• **Given records**

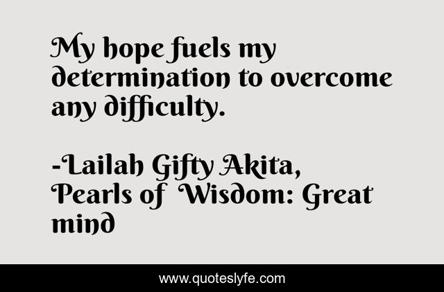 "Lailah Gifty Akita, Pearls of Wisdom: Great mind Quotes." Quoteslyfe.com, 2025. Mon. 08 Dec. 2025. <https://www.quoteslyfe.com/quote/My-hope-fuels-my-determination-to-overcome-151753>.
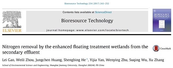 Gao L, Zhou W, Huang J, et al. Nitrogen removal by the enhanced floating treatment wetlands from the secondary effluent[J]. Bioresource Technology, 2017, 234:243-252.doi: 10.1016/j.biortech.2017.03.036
--
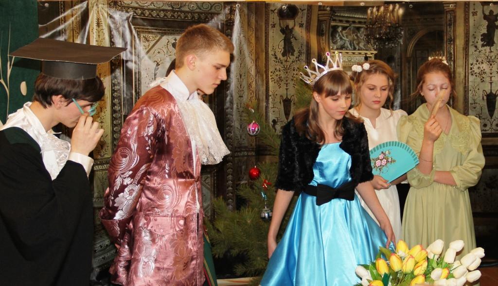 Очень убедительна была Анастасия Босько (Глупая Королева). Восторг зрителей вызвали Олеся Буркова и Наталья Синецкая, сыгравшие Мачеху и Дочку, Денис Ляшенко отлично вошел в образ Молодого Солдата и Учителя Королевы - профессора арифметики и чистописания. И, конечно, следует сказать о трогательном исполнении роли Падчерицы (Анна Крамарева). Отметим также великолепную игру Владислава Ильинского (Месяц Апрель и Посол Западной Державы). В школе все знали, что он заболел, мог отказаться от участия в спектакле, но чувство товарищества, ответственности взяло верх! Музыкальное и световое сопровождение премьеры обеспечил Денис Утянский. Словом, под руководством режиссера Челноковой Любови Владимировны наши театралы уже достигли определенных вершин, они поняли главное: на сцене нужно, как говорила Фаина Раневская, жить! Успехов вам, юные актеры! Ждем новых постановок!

• **Problem to solve**
For the data above, set down exactly the lines from the line with "Gifty Akita, Pearls" to the line with "Gao L, Zhou", both included, leaving pictures out.

• **Result below**
 "Lailah Gifty Akita, Pearls of Wisdom: Great mind Quotes." Quoteslyfe.com, 2025. Mon. 08 Dec. 2025. <https://www.quoteslyfe.com/quote/My-hope-fuels-my-determination-to-overcome-151753>.
 Gao L, Zhou W, Huang J, et al. Nitrogen removal by the enhanced floating treatment wetlands from the secondary effluent[J]. Bioresource Technology, 2017, 234:243-252.doi: 10.1016/j.biortech.2017.03.036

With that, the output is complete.